Ce financement a été annoncé par la vice-présidente des États-Unis d’Amérique, Kamala Harris, lors d’une rencontre de chefs d’État et de gouvernement de la Communauté des Caraïbes (Caricom), tenue à Nassau (Bahamas), le jeudi 8 juin 2023.
Avec cette aide, les mêmes erreurs et les choix négatifs, ayant amené Haïti dans sa situation de dépendance extrême, vont se reproduire, anticipe l’économiste Chalmers.
Même si cet argent peut aider à résoudre des problèmes ponctuels, en termes d’accès à la nourriture pendant quelques jours, elle ne résoudra pas, pour autant, le problème de la faim, nuance-t-il.
Cette aide financière est incapable de mettre la population dans une situation de sécurité alimentaire, insiste-t-il.
Cet argent va servir, de préférence, à financer la machine de l’aide et à fabriquer beaucoup plus de dépendance et de pauvreté dans le pays, augure le directeur exécutif de la Padda.
Le fonds de 10 millions de dollars, annoncés pour remembrer le secteur agricole, entre dans la même ligne politique que l’Agence américaine pour le développement international (Usaid) applique depuis longtemps, relève-t-il.
Le fonds américain pourrait « appuyer, probablement, les exportateurs de mangues, de café, de cacao, tandis qu’en général ces fonds n’aident pas les paysans à produire pour eux et le pays ».
Forte dépendance alimentaire d’Haïti
La Plateforme haïtienne de plaidoyer pour un développement alternatif (Papda) critique le dumping de certains produits, comme le riz.
Une pratique de dumping, qui affaiblit, de façon dramatique, la capacité d’Haïti de nourrir sa population.
Le pays était dans l’autosuffisance en céréales à 98% vers les années 1972.
Aujourd’hui, Haïti importe des États-Unis d’Amérique 85% du riz consommé. Elle est devenue le deuxième pays plus gros importateur de riz américain au monde, avance la Papda.
C’est un changement structurel, qui veut dire que l’une des dépenses alimentaires, qui domine le panier, concerne l’achat de riz importé, ajoute-t-elle.

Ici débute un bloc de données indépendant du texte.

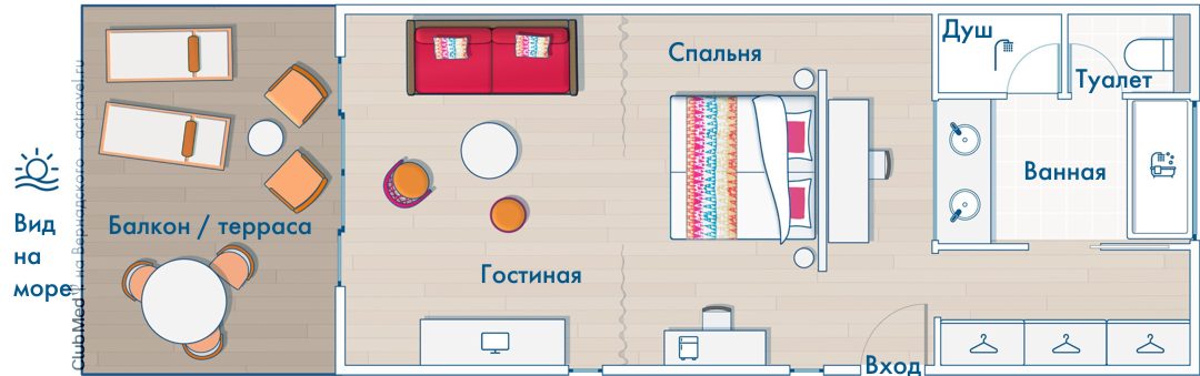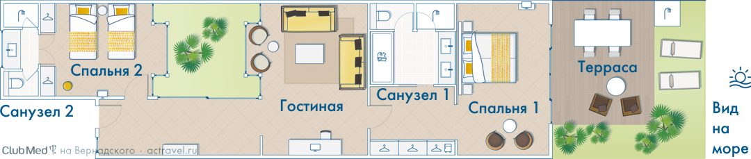 Номер спроектирован так, чтобы у детей и родителей было личное пространство. Комнаты выполнены в ярких тонах, а общая терраса идеально подходит для наблюдения за океаном и вечерних разговоров в кругу семьи.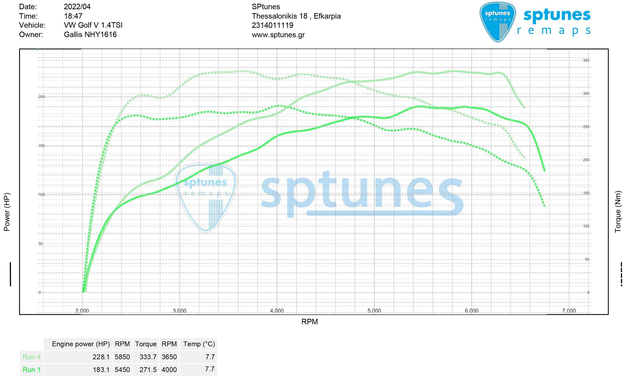 1.4 TSI και πάλι! Το Twincharged Turbo-Compressor BMY/BLG κινητήρα, τον έχουμε κάνει απο 1ο στάδιο μέχρι και fully custom setup. Το συγκεκριμένο Golf είναι εργοστασιακό με περιφερειακά 1ου σταδίου: εξάτμιση απο το downpipe μέχρι πίσω και εισαγωγή ενώ η διαχείριση της πίεσης γίνεται απο την εργοστασιακή ηλεκτροβαλβίδα Ν75! Μετά απο αρκετά runs και full custom προγραμματισμό, φτάσαμε Safe στους 232 ίππους με peak ροπής 331 Nm!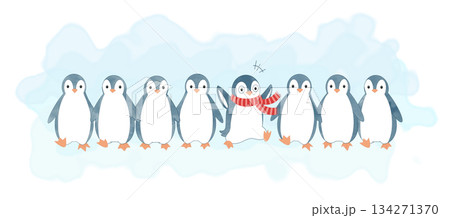 かわいいペンギンの手描き風のキャラクターイラストセット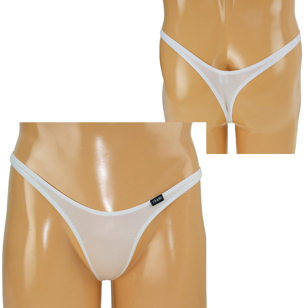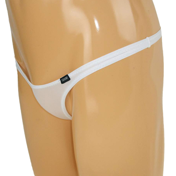 ギリギリまで魅せるハイレグ仕様の男性用Tバック(白)。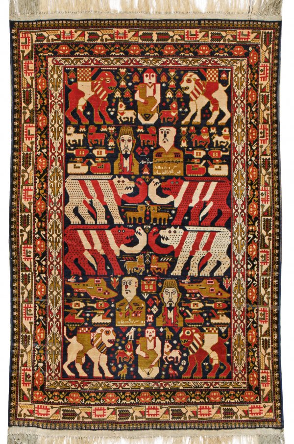 Brücke Afghanistan. Wolle auf Wolle. Auf dunklem Fond flächendeckende Musterung aus großen unterschiedlichen Tiermotiven stilisierten Portraits Hubschraubern und Panzern. Umlaufend mehrteilige Bordüre. 96 cm x 148 cm.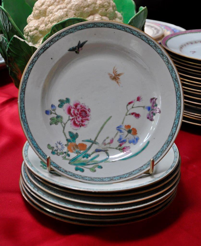 8 ASSIETTES en porcelaine à décor d'une frise fleurie verte sur le bord de ll'aile et de fleurs aquatiques, pivoines et d'oiseaux voletant au centre, en réserve blanche.

« Aujourd’hui, nous importons près de 450 à 500 miles tonnes métriques de riz américain. C’est un marché important et considérable, qui devrait servir de levier pour, justement, dynamiser la production céréalière nationale et permettre la construction de systèmes d’irrigation », explique-t-elle.

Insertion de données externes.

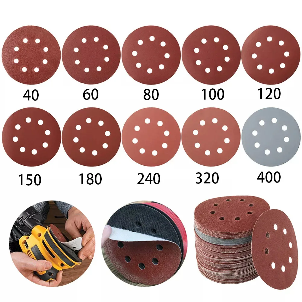 100 шт. 125 мм дисковая наждачная бумага, круглые восемь отверстий,...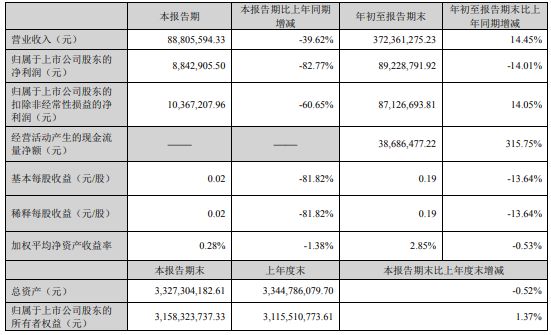 歸屬于上市公司股東的凈利潤為89,228,791.92元,比上年同期下滑14.01%,主要系:①上年同期轉(zhuǎn)讓湖南發(fā)展春華健康投資有限公司(以下簡稱“湖南發(fā)展春華”)12%股權(quán)所致;②本季度砂石業(yè)務(wù)和發(fā)電量較上年同期減少,利潤相應(yīng)減少所致;③確認的參股公司投資收益較上年同期減少所致。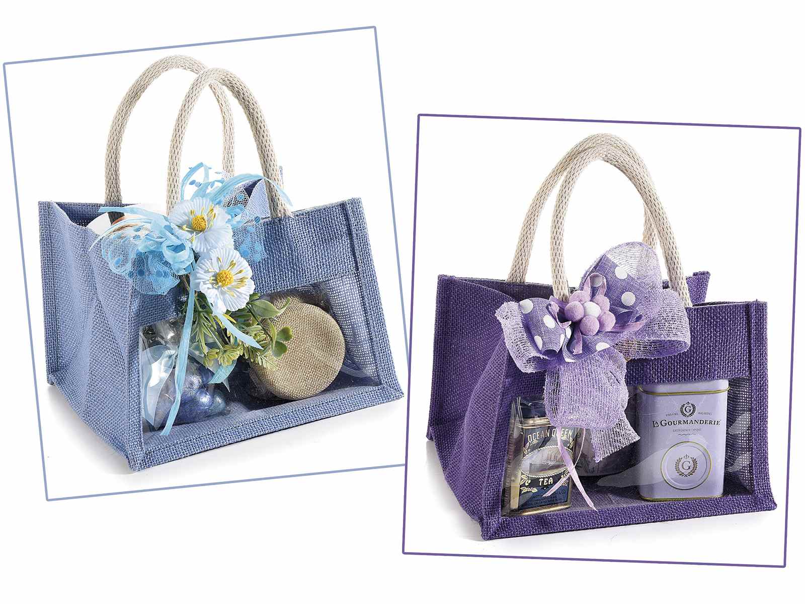 Bolsas de yute con ventana transparente, asas de cuerda y cierre de botón.

Plaidoyer pour un autre modèle économique
Il faut financer la production alimentaire, l’économie paysanne et de nouveaux mécanismes pour un autre modèle de consommation, recommande la Papda.
L’économie paysanne devrait permettre un renversement total par rapport à la politique américaine envers Haïti depuis 40 ans, poursuit-elle.
Le pays possède d’énormes potentialités pour produire suffisamment de nourriture, capable de nourrir la population. Mais, il faut une politique économique, macroéconomique et sectorielle au niveau de l’agriculture, conseille-t-elle.
La Papda dénonce la mise en place des politiques anti-paysannes, anti-production, qui engendrent un effondrement économique.
Haïti figure, avec trois pays d’Afrique (Burkina Faso, Mali et Soudan), où le niveau d’alerte par rapport à la famine reste très élevé, avait signalé un nouveau rapport, publié, le lundi 29 mai 2023, par l’Organisation des Nations unies pour l’alimentation et l’agriculture (Fao) et le Programme alimentaire mondial (Pam).
4 millions 900 mille Haïtiennes et Haïtiens en situation d’insécurité alimentaire nécessitent urgemment une assistance humanitaire pour la période de mars à juin 2023, avait aussi alerté la Coordination nationale de la sécurité alimentaire (Cnsa), dans un document publié, en mars 2023, sur son site.
Cette aggravation du niveau d’insécurité alimentaire en Haïti résulterait de la flambée des prix, liée à la forte volatilité de la gourde par rapport au dollar américain, l’expansion de la violence des gangs armés, qui paralyse de plus en plus les activités économiques dans la zone métropolitaine de Port-au-Prince, dans la péninsule Sud et dans une bonne partie du grand Nord, explique la Cnsa. [je mff emb rc apr 13/06/2023 10:40]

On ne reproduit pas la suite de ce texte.